The court also found the existence of an “independent duty,” beyond any  obligation under the plan, that required the defendant medical service providers  to submit “honest and accurate claims” to Connecticut General. Thus, the court  concluded, this requirement for preemption also was not met, and Section  502(a)(1)(B) preemption did not apply.


Insurance fraud raises costs and premiums, harming consumers, insureds, and  plan beneficiaries. Allowing insurance companies to assert claims for fraud  against health care providers without fear of having those claims deemed  preempted by ERISA helps insurers cut down on fraudulent claims, to the benefit  of all except those who commit fraud. Judge Wexler’s decision in the Connecticut  General case reinforces the ability of insurance carriers to rely on the courts  to fight insurance fraud.


1. No. 13-2784 (E.D.N.Y. Oct. 10, 2014).

2. Section 514(a) states that it “shall supersede any and all  State laws insofar as they may now or hereafter relate to any employee benefit  plan.” 29 U.S.C. §1144.

3. Section 502(a) provides:

A civil action may be brought–

(1) by a participant or beneficiary–

(A) for the relief provided for in subsection (c) of this section,  or

(B) to recover benefits due to him under the terms of his plan, to enforce  his rights under the terms of the plan, or to clarify his rights to future  benefits under the terms of the plan;

* * *

(3) by a participant, beneficiary, or fiduciary (A) to enjoin any act or  practice which violates any provision of this subchapter or the terms of the  plan, or (B) to obtain other appropriate equitable relief (i) to redress such  violations or (ii) to enforce any provisions of this subchapter or the terms of  the plan;…

29 U.S.C. §1132.

4. Courts in other jurisdictions also have ruled that ERISA does  not preempt “garden variety” fraud claims.
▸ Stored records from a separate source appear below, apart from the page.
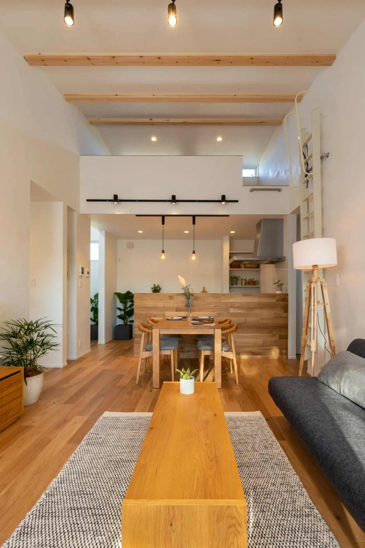 屋根の勾配に沿って高さを出して、ロフトへつながる勾配天井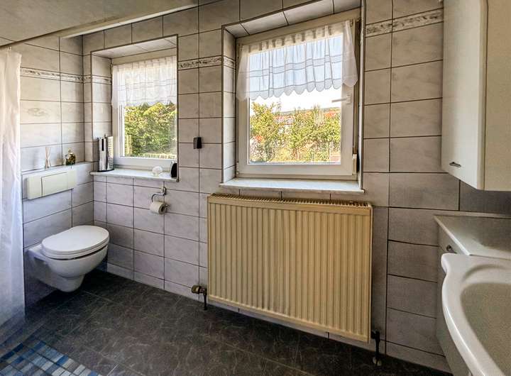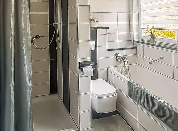Das moderne Badezimmer ist ausgestattet mit Badewanne und zusätzlich mit gemauerter Dusche.
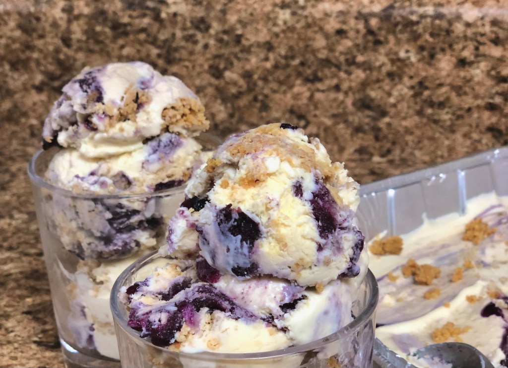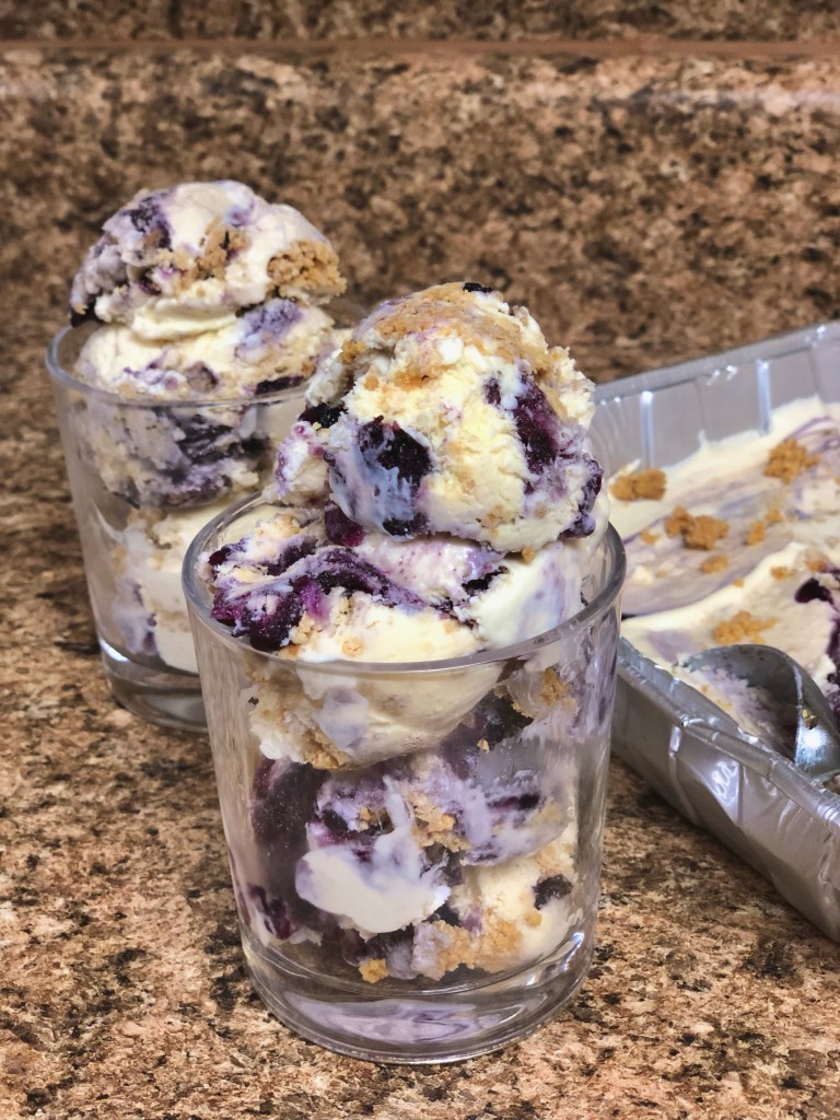 - Place the ice cream mixture, blueberry topping, and graham cracker crust mix into a pan. Freeze for 4-6 hours.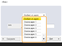 Основні операції з надсилання факсів<Адресна книга> на екрані основних функцій сканування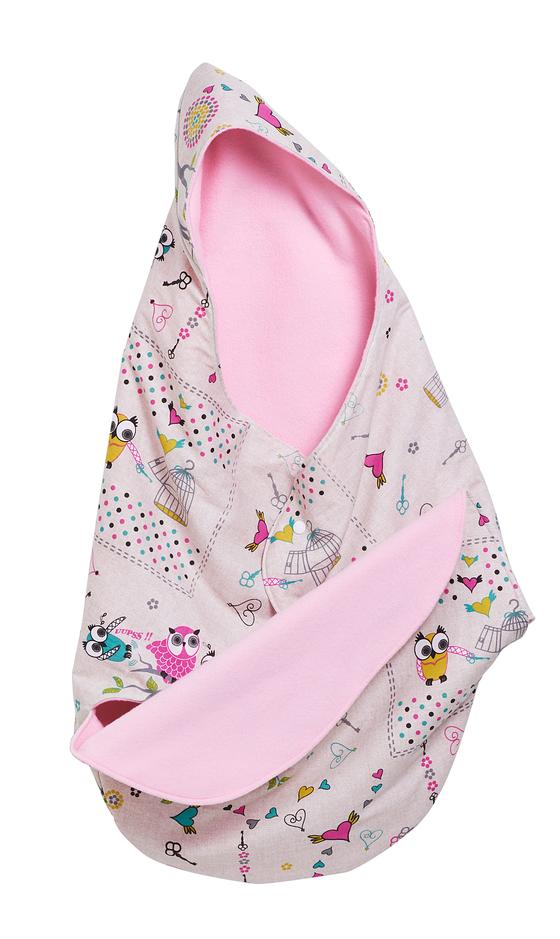 In the next step, the different pieces of fabric are joined together to fit together perfectly: First, the back part is spread out with the right (printed side up). With Cotton fabric down, the hood and front part are then placed on the back-Fabric cut , with the fleece fabric as the top layer on top, right side down. The pieces of fabric are stapled or tucked together well, and except for a turning opening on one side, the fabric is sewn all the way around. Turn the sewing over and close the turn opening (sew the fabric together). A baby wrap blanket has been created.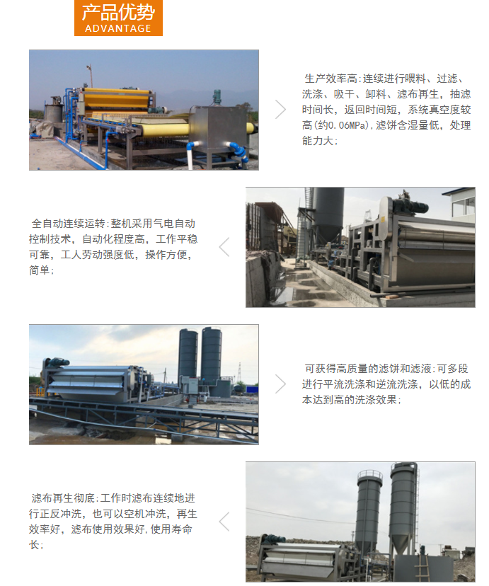 一、泥饼含水率低。每个滤室都能形成超强压力,以高于常规压力10-20倍的压力对污泥进行机械压干,从而轻易将污泥脱水。脱水后的泥饼含水率为百分之三十,不粘连滤布。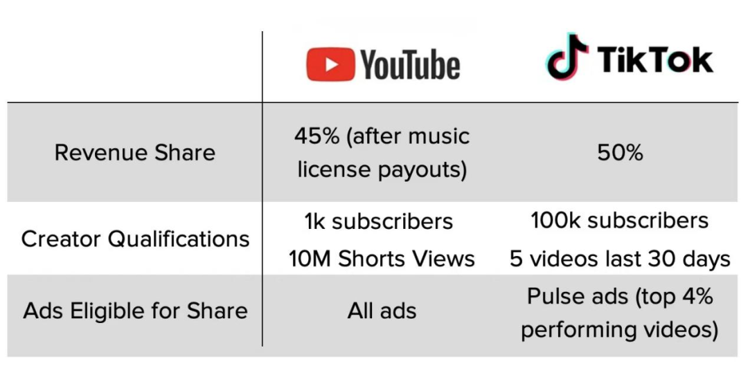 YouTube 与 TikTok 对创作者的广告分成政策对比 | 来源:Twitter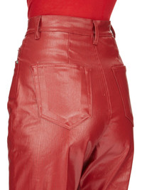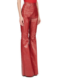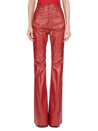 RICK OWENS SS24 LIDO BOLAN BOOTCUT IN CARDINAL RED COATED STRETCH DENIM THIS BOLAN BOOTCUT IS A HIGH WAISTED, SLIM FIT 5 POCKET JEAN WITH A FLOOR-LENGTH BOOT CUT. THEY CLOSE WITH A VISIBLE WAIST BUTTON AND HAVE A CONCEALED BUTTON FLY. THEY FEATURE A WAISTBAND WITH BELT LOOPS AND POCKET RIVETS AND BACK PATCH POCKETS WITH TOPSTITCHING THIS LIGHTWEIGHT STRETCH DENIM IS COVERED WITH A SEMI-SHINY AND SOFT COATING. THE INDIGO COLOR AND STRUCTURE OF THE DENIM SHINES THROUGH THE COLOR OF THE COATING CREATING A MULTILAYERED AND IRREGULAR COLORATION. THE NATURAL ASPECTS OF THIS FABRIC MEANS THE COATING HAS PEELED OFF IN CERTAIN AREAS, EXPOSING THE UNDERLAYING MATERIAL AND WILL CONTINUE TO DO SO WITH WEAR AND ABRASION. THIS IS AN INHERENT CHARACTERISTIC OF THIS TYPE OF TREATMENT AND IS A DESIRED A VISUAL ASPECT WHICH ADDS TO THE UNIQUENESS OF EACH PIECE AND SHOULD NOT BE CONSIDERED A DEFECT - COLOR: CARDINAL RED - MATERIAL: 91% COTTON + 6% ELASTOMULTIESTER + 3% RUBBER - POCKETS LINING 100% COTTON - MODEL IS 181CM TALL - MODEL WEARS SIZE 26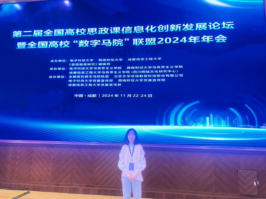 11月23日至24日,第二屆全國(guó)高校思政課信息化創(chuàng)新發(fā)展論壇暨全國(guó)高?!皵?shù)字馬院”聯(lián)盟2024年年會(huì)舉行。該年會(huì)由電子科技大學(xué)、西南財(cái)經(jīng)大學(xué)、成都信息工程大學(xué)、《思想教育研究》編輯部聯(lián)合舉辦。來(lái)自全國(guó)200余所高校,共計(jì)400余名思政課專家、學(xué)者、教育科技工作者參會(huì),圍繞“高校思政課信息化創(chuàng)新發(fā)展”主題,聚焦數(shù)智時(shí)代演化與變革、共議學(xué)科融合與發(fā)展。我校馬克思主義學(xué)院思想道德與法治教研室主任顏冰鳳參加了會(huì)議。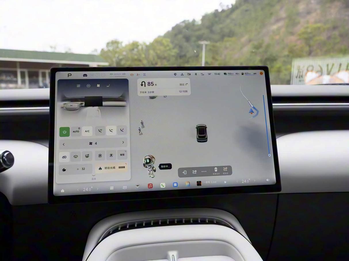 内饰方面,车内采用简约的环抱式座舱布局,车内基本没有物理按键,功能集成于悬浮式中控屏当中。简约的双辐方向盘前方仅配有AR-HUD抬头显示,继续采用无仪表设计。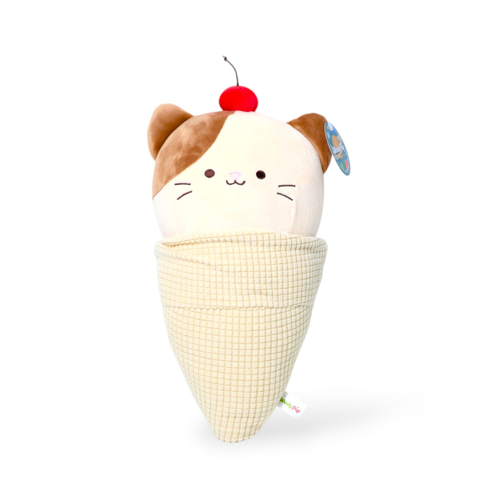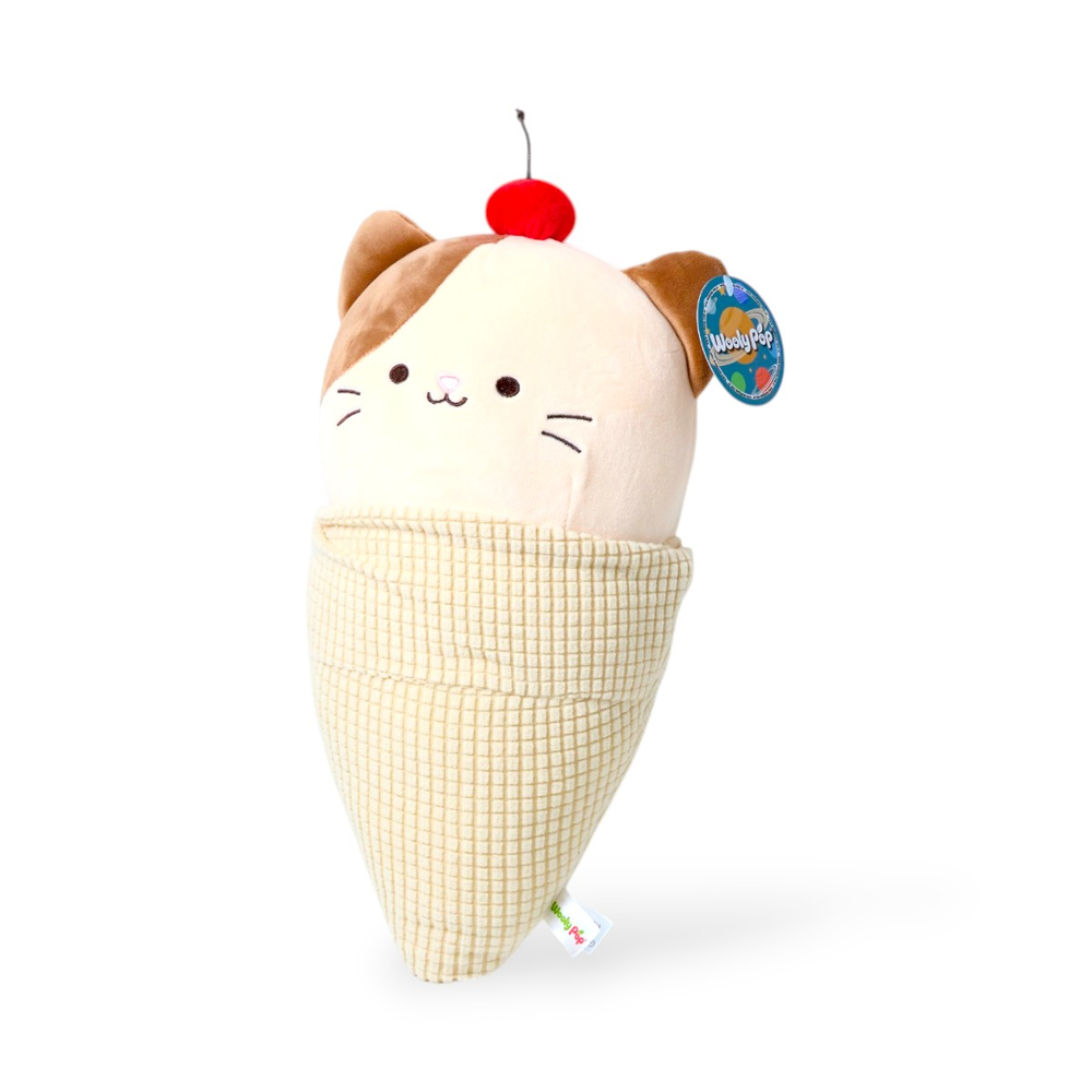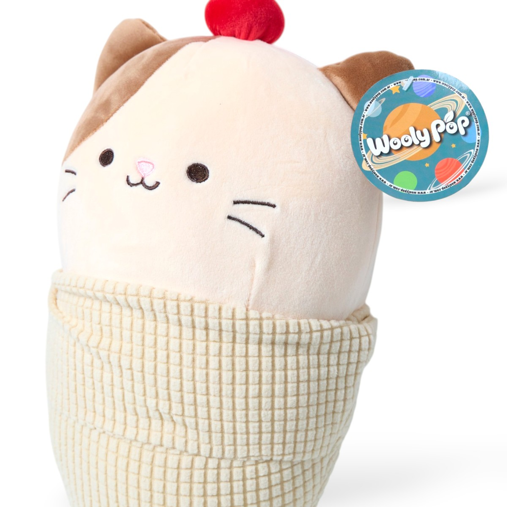En Candy Valley, Frosty es la versión más “nube” del heladito-michi: todo blanquito, suavecito y con carita bordada que te roba una sonrisa. Viene en su cucurucho abrazable, perfecto para decorar tu cama o acompañarte en el sillón mientras descansás. Un peluche simple, tierno y recontra combinable con cualquier rincón pastel.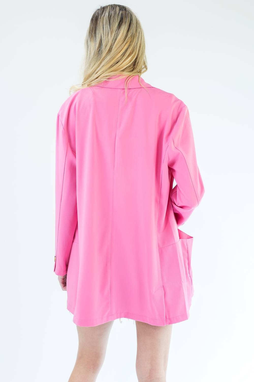 This blazer features lightweight satin material, a collared neckline, long loose sleeves, low side pockets, and a relaxed open front silhouette. 95% Polyester, 5% Spandex. Model is a US size Small. Height: 5'11". Bust: 31". Waist: 26". Hips: 37".

See, e.g., Trustees of AFTRA  Health Fund v. Biondi, 303 F.3d 765 (7th Cir. 2002); Horizon Blue Cross  Blue Shield of New Jersey v. Transitions Recovery Program, No. 10-3197  (RBK/KMW) (D.N.J. 2011); Prakash v. Pulsent Corp. Employee Long Term  Disability Plan, No. 06-7592 SC (N.D.Cal. 2007); In re Pharmaceutical  Industry Average Wholesale Price Litigation, 263 F.Supp.2d 172 (D.Mass.  2003); but, see, D & H Therapy Associates v. Boston Mut. Life Ins.  Co., 650 F.Supp.2d 143 (D.R.I. 2009) (finding fraudulent inducement claim  preempted by ERISA).

5. See, e.g., DaPonte v. Manfredi Motors, 157 Fed.Appx.  328 (2d Cir. 2005).

6. See DaPonte v. Manfredi Motors, 157 Fed.Appx. 328 (2d  Cir. 2005); Geller v. Cnty. Line Auto Sales, 86 F.3d 18 (2d Cir.  1996).